Reflections - Archive

7/27/2009

Hidden

In the fields of observation chance favors only the prepared mind.
-Louis Pasteur    


“Do you drink much alcohol, wine, or beer?” He was a patient with a newly diagnosed mouth cancer. I was working through my checklist while we became acquainted.    

“I have a beer most nights before dinner. Maybe I’ll have a couple more on weekends.”    

The questions continued. The patient’s teenage granddaughter was clearly taken by my young, handsome resident. “How long does it take to be a doctor?” she asked him. He went through the litany of four years each of college and medical school, followed by five years of otolaryngology residency. She counted the years up in her head. “You’ll be 30-years-old when you finish! Why does it take so long?” she exclaimed.    

He smiled and shook his head. “It takes a long time to learn everything you need to know to be a safe surgeon.” he replied. “Dr. Campbell even added two more years onto his training after residency.”    

She looked at me in disbelief. “Slow learner,” I explained.    

The focus returned to her grandfather and we completed the other questions about his health. The examination and scans confirmed what we already knew. His cancer was treatable but he would need an operation. He appeared to be in good shape and, before he left the office, we arranged a surgical date.    
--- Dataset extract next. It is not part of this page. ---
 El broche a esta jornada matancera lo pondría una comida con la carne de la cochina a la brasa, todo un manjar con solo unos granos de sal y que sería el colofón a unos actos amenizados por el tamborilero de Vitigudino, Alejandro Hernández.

A few days later, he was asleep on the operating table. I made the incision. As the resident and I lifted the skin off the underlying neck fat and lymph nodes, a familiar feeling washed over me. “Look at these tissues,” I said. “What do you notice?”    

The resident examined the fat intently.

“Why, the tissues are too flimsy, too soft, too yellow, don’t you agree? They don’t handle the way you would expect. Why is that?”    
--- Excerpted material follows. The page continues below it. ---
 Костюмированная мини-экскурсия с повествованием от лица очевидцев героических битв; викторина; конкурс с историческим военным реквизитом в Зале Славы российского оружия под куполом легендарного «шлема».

“I have seen tissues look like this in alcoholic patients. He didn’t tell us about any problems, but we will have to watch him carefully after surgery.”    

I have never found a textbook that describes the subtle phenomenon we identified that day during surgery — the boggy, yellow fat that some alcoholics hide in their neck tissues — but this rare, subjective finding is something that I have noticed several times during my career. I spend time pointing out and discussing the condition whenever I see it. On top of everything else that our residents are expected to learn, we spend a lot of time sharing the non-textbook lessons. It is a long process.    

Indeed, two days later, we were ready when our patient started spiraling into the alcohol withdrawal his tissues had predicted. Later that week, his family discovered a stash of liquor bottles in the basement. 

Happily, my patient made a full recovery. In the process, though, he had helped prepare one more resident for the next patient who thought he had something to hide.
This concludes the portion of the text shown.